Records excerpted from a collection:
☆ ☆ ☆ ☆ ☆ ☆ ☆

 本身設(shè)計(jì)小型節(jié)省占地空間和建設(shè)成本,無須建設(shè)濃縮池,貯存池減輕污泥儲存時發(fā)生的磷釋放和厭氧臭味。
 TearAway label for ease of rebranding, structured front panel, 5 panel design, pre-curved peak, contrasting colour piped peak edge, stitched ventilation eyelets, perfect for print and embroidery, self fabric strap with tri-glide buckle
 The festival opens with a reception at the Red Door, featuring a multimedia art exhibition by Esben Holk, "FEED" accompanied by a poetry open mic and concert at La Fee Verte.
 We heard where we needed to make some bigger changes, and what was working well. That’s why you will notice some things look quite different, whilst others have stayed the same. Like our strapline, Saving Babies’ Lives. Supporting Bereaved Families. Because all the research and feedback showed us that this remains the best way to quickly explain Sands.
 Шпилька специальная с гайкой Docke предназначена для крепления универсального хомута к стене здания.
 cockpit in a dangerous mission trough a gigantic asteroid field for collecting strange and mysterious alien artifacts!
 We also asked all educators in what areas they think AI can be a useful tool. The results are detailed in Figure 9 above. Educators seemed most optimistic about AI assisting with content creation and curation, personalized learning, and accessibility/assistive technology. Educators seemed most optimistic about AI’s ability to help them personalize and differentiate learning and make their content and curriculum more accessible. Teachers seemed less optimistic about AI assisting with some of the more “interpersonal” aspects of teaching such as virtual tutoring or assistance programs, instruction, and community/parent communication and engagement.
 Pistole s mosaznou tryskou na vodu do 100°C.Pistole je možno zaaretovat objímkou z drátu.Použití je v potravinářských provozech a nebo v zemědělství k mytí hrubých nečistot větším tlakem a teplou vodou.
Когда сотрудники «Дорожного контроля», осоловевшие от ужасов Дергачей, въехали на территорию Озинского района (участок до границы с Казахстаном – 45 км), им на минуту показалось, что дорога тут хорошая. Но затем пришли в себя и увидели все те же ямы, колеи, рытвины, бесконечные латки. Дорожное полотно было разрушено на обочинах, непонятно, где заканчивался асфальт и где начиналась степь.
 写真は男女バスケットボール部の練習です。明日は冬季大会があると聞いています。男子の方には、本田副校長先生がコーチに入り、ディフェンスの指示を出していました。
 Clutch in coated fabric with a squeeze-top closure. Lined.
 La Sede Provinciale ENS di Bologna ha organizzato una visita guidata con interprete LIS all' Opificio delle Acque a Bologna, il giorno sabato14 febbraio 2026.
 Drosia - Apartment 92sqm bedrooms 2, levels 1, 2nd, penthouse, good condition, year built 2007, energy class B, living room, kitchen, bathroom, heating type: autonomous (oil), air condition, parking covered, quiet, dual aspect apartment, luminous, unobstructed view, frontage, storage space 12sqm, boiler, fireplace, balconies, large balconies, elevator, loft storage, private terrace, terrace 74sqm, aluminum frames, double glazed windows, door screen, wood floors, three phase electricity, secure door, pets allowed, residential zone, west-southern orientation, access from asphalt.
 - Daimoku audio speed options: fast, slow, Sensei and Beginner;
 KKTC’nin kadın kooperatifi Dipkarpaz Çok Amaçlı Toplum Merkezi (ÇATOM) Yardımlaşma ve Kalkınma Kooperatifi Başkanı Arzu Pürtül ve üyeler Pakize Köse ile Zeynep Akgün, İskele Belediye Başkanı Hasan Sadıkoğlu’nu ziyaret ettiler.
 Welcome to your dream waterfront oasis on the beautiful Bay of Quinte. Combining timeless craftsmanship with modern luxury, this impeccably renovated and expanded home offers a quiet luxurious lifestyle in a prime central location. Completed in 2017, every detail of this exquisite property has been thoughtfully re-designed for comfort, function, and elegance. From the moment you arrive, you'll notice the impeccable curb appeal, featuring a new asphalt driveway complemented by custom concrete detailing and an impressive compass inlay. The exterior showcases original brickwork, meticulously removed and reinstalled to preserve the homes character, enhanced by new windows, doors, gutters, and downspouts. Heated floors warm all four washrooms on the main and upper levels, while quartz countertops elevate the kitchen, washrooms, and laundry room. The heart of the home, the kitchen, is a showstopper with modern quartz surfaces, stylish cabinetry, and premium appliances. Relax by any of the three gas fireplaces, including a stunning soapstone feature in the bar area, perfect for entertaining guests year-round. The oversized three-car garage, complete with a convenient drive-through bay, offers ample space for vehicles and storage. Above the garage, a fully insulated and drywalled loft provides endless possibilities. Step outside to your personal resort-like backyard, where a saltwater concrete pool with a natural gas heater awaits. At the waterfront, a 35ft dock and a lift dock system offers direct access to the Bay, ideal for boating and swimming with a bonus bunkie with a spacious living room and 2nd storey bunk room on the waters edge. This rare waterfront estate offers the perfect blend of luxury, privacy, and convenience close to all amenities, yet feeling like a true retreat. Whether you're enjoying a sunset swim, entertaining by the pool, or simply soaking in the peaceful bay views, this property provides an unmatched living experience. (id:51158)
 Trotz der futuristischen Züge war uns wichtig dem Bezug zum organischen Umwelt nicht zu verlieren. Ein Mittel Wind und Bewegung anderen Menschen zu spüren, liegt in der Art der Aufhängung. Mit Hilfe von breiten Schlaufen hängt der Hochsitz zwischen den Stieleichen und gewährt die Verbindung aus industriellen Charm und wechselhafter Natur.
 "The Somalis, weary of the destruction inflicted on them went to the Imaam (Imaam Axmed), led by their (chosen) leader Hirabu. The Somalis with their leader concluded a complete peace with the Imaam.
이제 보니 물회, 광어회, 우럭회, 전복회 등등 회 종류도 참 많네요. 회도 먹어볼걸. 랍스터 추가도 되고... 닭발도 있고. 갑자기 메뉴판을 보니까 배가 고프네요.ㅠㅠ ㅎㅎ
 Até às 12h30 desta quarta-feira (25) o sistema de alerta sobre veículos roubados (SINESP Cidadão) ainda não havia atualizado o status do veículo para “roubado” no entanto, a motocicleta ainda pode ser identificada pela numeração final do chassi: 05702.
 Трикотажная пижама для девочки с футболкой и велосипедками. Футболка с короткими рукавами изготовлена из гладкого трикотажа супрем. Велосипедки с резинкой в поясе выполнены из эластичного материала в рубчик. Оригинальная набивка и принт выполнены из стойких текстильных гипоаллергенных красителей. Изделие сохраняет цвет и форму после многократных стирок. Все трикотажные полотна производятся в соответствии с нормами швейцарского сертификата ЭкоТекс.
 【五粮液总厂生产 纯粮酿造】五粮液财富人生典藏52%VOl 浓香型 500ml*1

☆ ☆ ☆ ☆ ☆ ☆ ☆

▶ REQUIRED WORK
All lines in the entries above that hold the word "fabric" need to be copied.

▶ EXERCISE RESULT
 TearAway label for ease of rebranding, structured front panel, 5 panel design, pre-curved peak, contrasting colour piped peak edge, stitched ventilation eyelets, perfect for print and embroidery, self fabric strap with tri-glide buckle
 Clutch in coated fabric with a squeeze-top closure. Lined.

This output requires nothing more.